CUDA saves money by having a fuckton of pre-written CUDA code and being supported as default basically everywhere.

90. pjmlp ◴[] No.39357056{9}[source]
It worked really well for OS/2.
91. katbyte ◴[] No.39358625{6}[source]
I have tried Optical usb cable to kvm to dac, audio over hdmi, and audio over rdp. All have the same crackle
replies(1): >>39360488 #
92. swozey ◴[] No.39360488{7}[source]
Oh it's every single rpd connection? That's definitely not normal to rdp at all. I used to be a windows engineer so I RDP'd a LOT. RDP was our ssh, lol.

Crackle would happen so rarely that I KNOW it definitely happened but it wasn't like a 2 day thing it was probably like, once in a year or 6 months, etc.

93. HarHarVeryFunny ◴[] No.39361222[source]
The difference is that AMD's CPUs are designed to implement the x86 and x86-64 ISA, so there is no loss of performance. In contrast, AMD and NVIDA's GPU instruction sets and architectures are not the same, and to get top performance out of these architectures code needs to be customized for them.

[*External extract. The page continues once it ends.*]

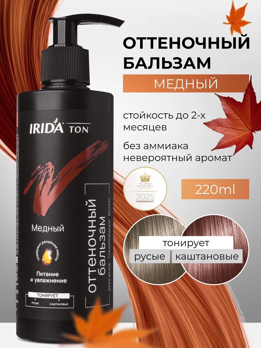 IRIDA Copper Hair Tinting Conditioner, 220 ml, is an excellent choice for those looking to refresh their look, add brightness, depth, and even color to their locks.
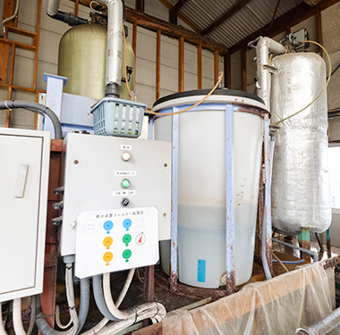 弊社の用水(地下水)は全て軟水にして使用しております。

If you slap a CUDA compatibility layer on top of AMD, then CUDA code optimized for NVIDIA chips would run, but would suffer a performance penalty compared to code that was customized/tuned for AMD, so unless AMD GPUs were sold cheap enough (i.e. with low profit margin) to mitigate this loss of performance you might as well buy NVIDIA in the first place.

94. incrudible ◴[] No.39361900{8}[source]
Floating point inaccuracies and random seeds aside, something like DLSS is entirely deterministic. It is just a bunch of matrix multiplications.
replies(1): >>39407619 #
95. andrecarini ◴[] No.39362476{3}[source]
> I'm scared to mount the vhdx right now [...] I have EVERYTHING I need [...] sitting in a chezmoi git repo ON THE VM.

You probably already know but just in case you don't: you can set up a Linux VM with VirtualBox on your Windows and then mount the vhdx (read-only) as an additional disk to extract the stuff you need via shared folders.

96. CoolCold ◴[] No.39395549{3}[source]
> halfway into it my WSL2 completely broke and I had to reinstall windows

I'm curios, so WSL2 broke that you cannot even add new distros, remove broken distros? or Windows host itself became unstable?

97. paulmd ◴[] No.39407619{9}[source]
You can’t possibly expect me to take your post seriously when there’s not even any true evidence of cognition involved in its writing. Just some meat flopping around spastically from some chemicals pumped up from the gut, and electrical zaps from the nervous system.

We can see that it’s not magic, the neuron either activates or it doesn’t, so why should I pay attention to some probabilistic steam of gibberish it spewed out? There is nothing meaningful that can be inferred from such systems, right?